> **The problem**:
Once the line containing "SEM FIO: Limpe" is located in the records below, repeat it and all lines that follow it exactly, leaving out any picture.

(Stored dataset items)
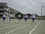 今日は朝から暑いけれど、2年生は新体力テストの種目を幾つか実施しています。今日はハンドボール投げと50m走を行っていました。
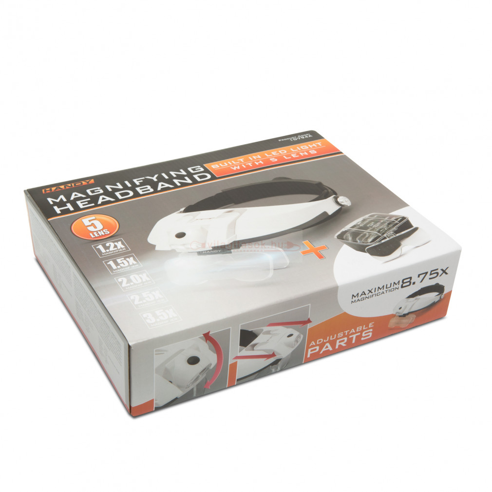 Rendkívül jól használható elektronikában, precíziós műszerekhez és otthoni barkácsolás céljára egyaránt. Alkalmanként szüksége lehet extra fényre a munkája során, ilyen helyzetekben tökéletes választás ez a nagyítós, LED-es eszköz. A fejpántos nagyító használata során, mindkét keze szabaddá válik, ezáltal könnyebb a munkavégzés. Az 5 db cserélhető lencse segítségével egy lencse használatával 1.2x, 1.5x, 2x, 2.5x illetve 3.5x-ös nagyítást alkalmazhat a munkaterületre, de lehetőgése van két lencse egyidejű használatára, így akár 3x, 4x, 4.5x, 5x, 5.5x, 6x nagyítás is elérhető. A fejpánt könnyedén beállítható bármilyen fejméretre (500 mm - 600 mm), a puha homlokrész kialakításnak köszönhetően kényelmes viseletet biztosít hosszabb idejű munkák során is. A 2 db LED megfelelő fénnyel látja el a szükséges munkaterületet.
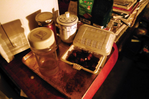 紧靠窗口的是个灶台,上面的油瓶已经空了,铁锅里还有饭,是小朱前天煮的,放点油,在锅里给自己炒了一碗。书桌上除了一堆大大小小教科书,还放着两只快餐盒,里面有两份荤菜,是小朱前一天晚上吃完剩下的,本打算昨天晚上继续吃。
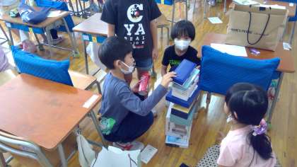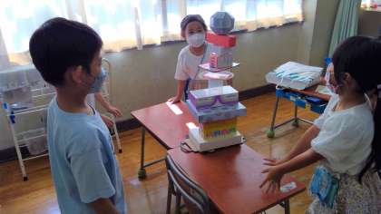 様々な形の箱を組み合わせて、グループの友達と積み上げました。積み上げることを通して、どんな特徴の箱が積み上げやすいのか、グループの友達と相談して、楽しみながら考えることができました。
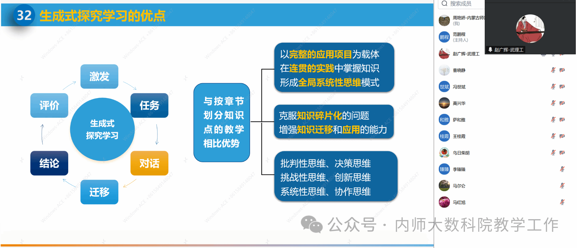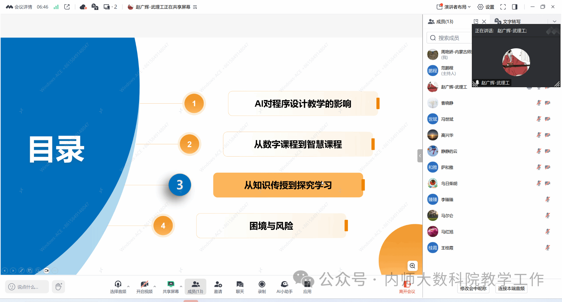 4月22日晚上7点半,yl6809永利检测中心在线上举办了题为“大模型时代Python程序设计智慧课程建设与教学变革”的专题讲座,本次讲座邀请了武汉理工大学赵广辉教授主讲。会议由信息与计算科学系系主任范鹏程老师主持,萨和雅院长、数学系系主任乌日柴胡以及我院20余名教师共同参与了此次会议。
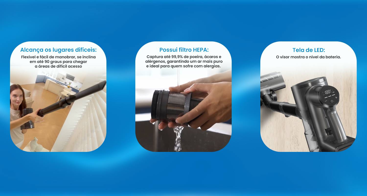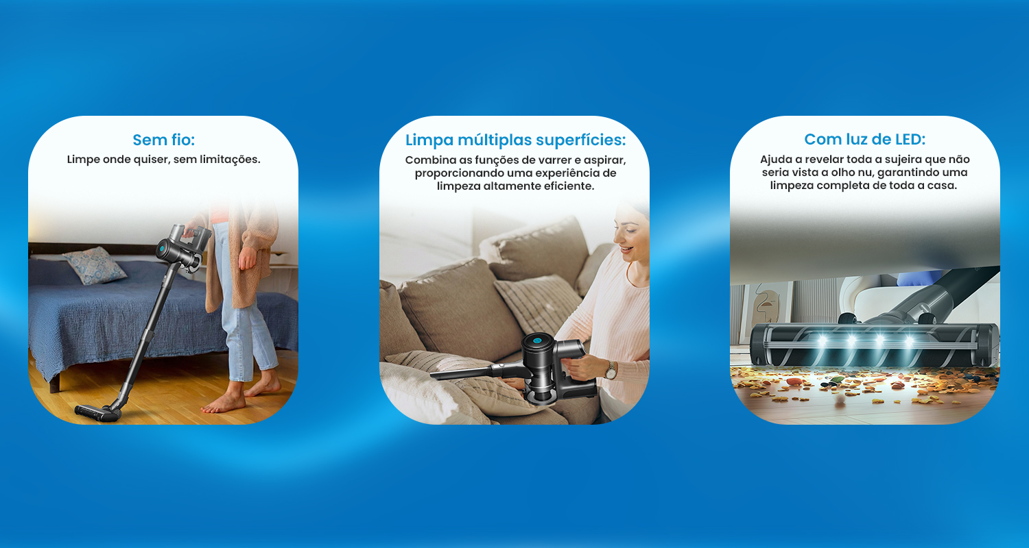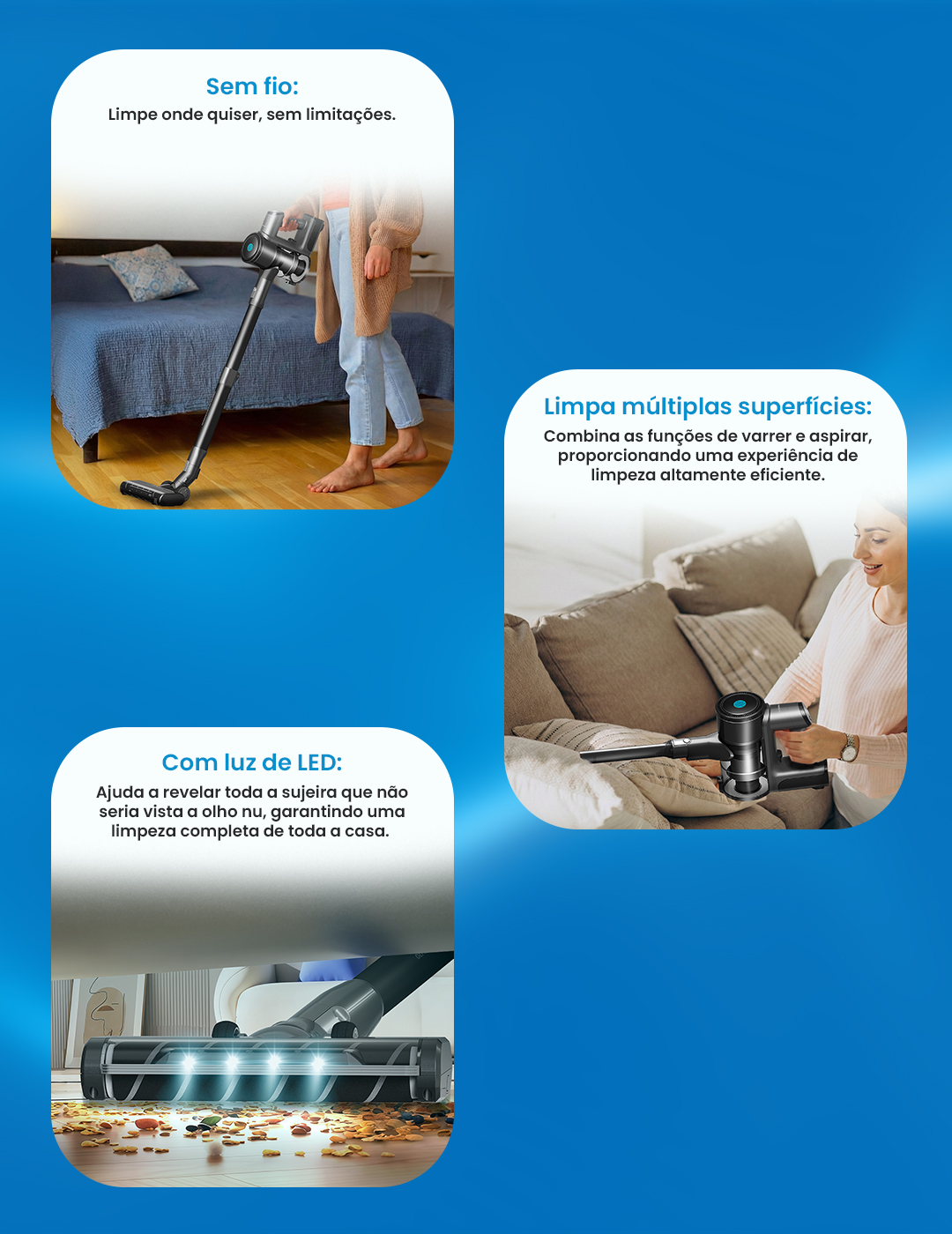 SEM FIO: Limpe onde quiser, sem limitações. Alcance todos os cantos com total liberdade.
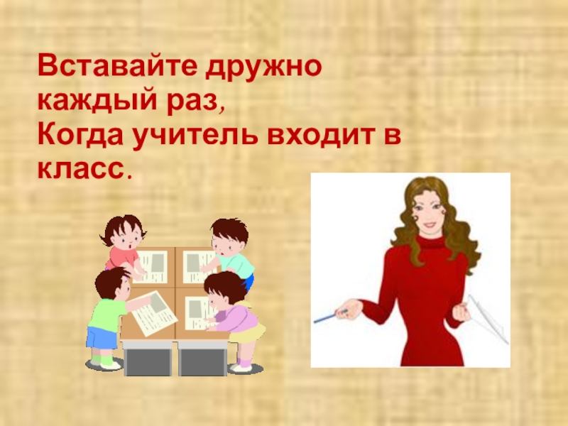 Вставайте дружно каждый раз,Когда учитель входит в класс.

> **Response for this exercise**:
 SEM FIO: Limpe onde quiser, sem limitações. Alcance todos os cantos com total liberdade.
 Вставайте дружно каждый раз,Когда учитель входит в класс.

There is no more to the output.